OOP
Following are the four pillars of OOP principle,
Encapsulation
Abstraction
Polymorphism
Inheritance
Encapsulation
Encapsulation is a language construct that facilitates the bundling of data with the methods operating on that data.
Encapsulation doesn't guarantee data protection, cohesive design or information hiding.
Information HidingInformation hiding is a design principle that strives to shield client classes from the internal workings of a class.
Encapsulation facilitates, but does not guarantee, information hiding.
Read more about relation between information hiding and encapsulation.
Abstraction
Abstraction is preserving information that is relevant in a given context, and forgetting information that is irrelevant in that context.
Polymorphism
The provision of a single interface to entities of different types or the use of a single symbol to represent multiple different types is known as polymorphism.
Types of polymorphismMajor classes of polymorphism
Ad hoc polymorphism
Polymorphic functions that can be applied to arguments of different types, but that behave differently depending on the type of the argument to which they are applied.
Parametric polymorphism
A function or a data type to be written generically, so that it can handle values uniformly without depending on their type.
Parametric polymorphism is a way to make a language more expressive while still maintaining full static type-safety.
Subtype polymorphism
Subtyping allows a function to be written to take an object of a certain type T, but also work correctly, if passed an object that belongs to a type S that is a subtype of T (according to the Liskov substitution principle).
This type relation is sometimes written
S <: T
. Conversely, T is said to be a supertype of S—writtenT :> S
. Subtype polymorphism is usually resolved dynamically.
Coercion polymorphism
Implicit type conversion by compiler aka type juggling is also a type of polymorphism.
Polymorphism can be distinguished by when the implementation is selected.
Static polymorphism typically occurs in ad hoc and parametric polymorphsim.
Dynamic poymorphism usually occurs in subtype polymorphism.
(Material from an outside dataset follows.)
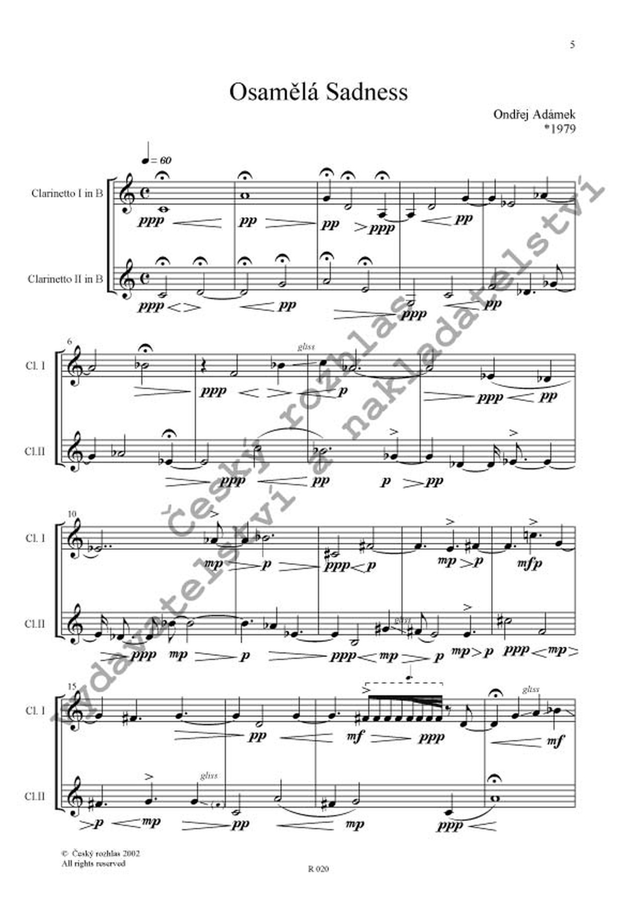 To je podnětem také k intervalovému výběru. Z harmonických souzvuků se postupným procesem dostáváme do napjatých dizonantních souzvuků a ploch. V dalších částech skladby autor pracuje s dozvukem a s napětím mezi čtvrttóny a mezi drobnými rytmickými odchylkami, využívá extrémní polohy klarinetu a k docíleni tónů hlubších než je rozsah nástroje předepisuje speciální techniky.Skladba byla na základě konkurzního poslechu a tajného hlasování vybrána k prezentaci na Mezinárodní tribuně skladatelů v Paříži (8. - 14. 6.2002).

But subtype polymorphism can be achieved through static polymorphism as well.
Inheritance
The mechanism of basing an object or class upon another object (prototype-based inheritance) or class (class-based inheritance), retaining similar implementation.
Also defined as deriving new classes (sub classes) from existing ones such as super class or base class and then forming them into a hierarchy of classes.
Inheritance only reuses implementation and establishes a syntactic relationship, not necessarily a semantic relationship (inheritance does not ensure behavioral subtyping).
The inheritance hierarchy of an object is fixed at instantiation when the object's type is selected and does not change with time.
Types of inheritance
Single
Multiple
Multilevel
Hierarchical
Hybrid
Subtyping
Subtyping enables a given type to be substituted for another type or abstraction, and is said to establish an is-a relationship between the subtype and some existing abstraction, either implicitly or explicitly, depending on language support.
Subtyping refers to compatibility of interfaces.